The competition for cockpit crew has prompted Ryanair to raise pay and step up recruitment to replace those leaving and meet expansion needs. The company said it has hired more than 1,000 new pilots in 2017, and is "inundated" with applications from flight crew at a trio of European airlines that failed this year: Italy's Alitalia SpA, Germany's Air Berlin Plc and Monarch Airlines Ltd. of the U.K.
O'Leary, who has said he'd rather cut off his own hands than sign a deal with a union, proposed an unprecedented 22 percent annual raise to flight crew to lure recruits and throw cold water on organizing efforts. He said the company can pay 20 percent more than rivals and still retain a cost advantage over them.
"We will remain a non-union company by paying our people more and by fixing the broken elements of communication with pilots," O'Leary said Oct. 31, after Ryanair reported a decline in profit during the key summer-holiday quarter.
Yet the response to his offer, which Ryanair says would lift compensation beyond rivals such as Norwegian Air, has been cool. Crew at only about 20 of the carrier's 86 European bases, including some of the smallest, have accepted it. Madrid, Glasgow, Naples and its biggest, London Stansted, rejected it, while others have refused to put the proposal to a vote.
Ryanair also committed to put more staff on full-time contracts, and it hired a new team to oversee rosters and pledged to be more flexible about where it bases crew members. It's bringing back Peter Bellew as chief operations officer to patch up labor relations. He was Ryanair's director of operations until leaving for Malaysia Airlines Bhd two years ago.
"He brings a face that the pilots will know," said O'Leary, who beat back efforts to unionize twice before, in 2004 and 2012.

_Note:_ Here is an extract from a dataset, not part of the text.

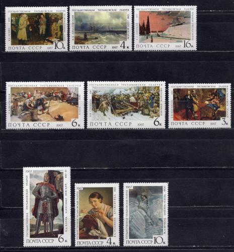 Почтовые марки. СССР, 1967 г. №3585-3593. Третьяковская галерея. (300 руб.)

Recent stumbles notwithstanding, few observers are willing to bet against Ryanair, or O'Leary, after a record of success headlined by a 3,800 percent total return to shareholders over the past two decades. By comparison, Air France registered a negative return during the same period.
The stock is up 14 percent in 2017, valuing the company at 19.7 billion euros, the most among European airlines.
"O'Leary's had a great track record over a number of years," said Norris at Argonaut Partners. "The pilots are massively overplaying their hand."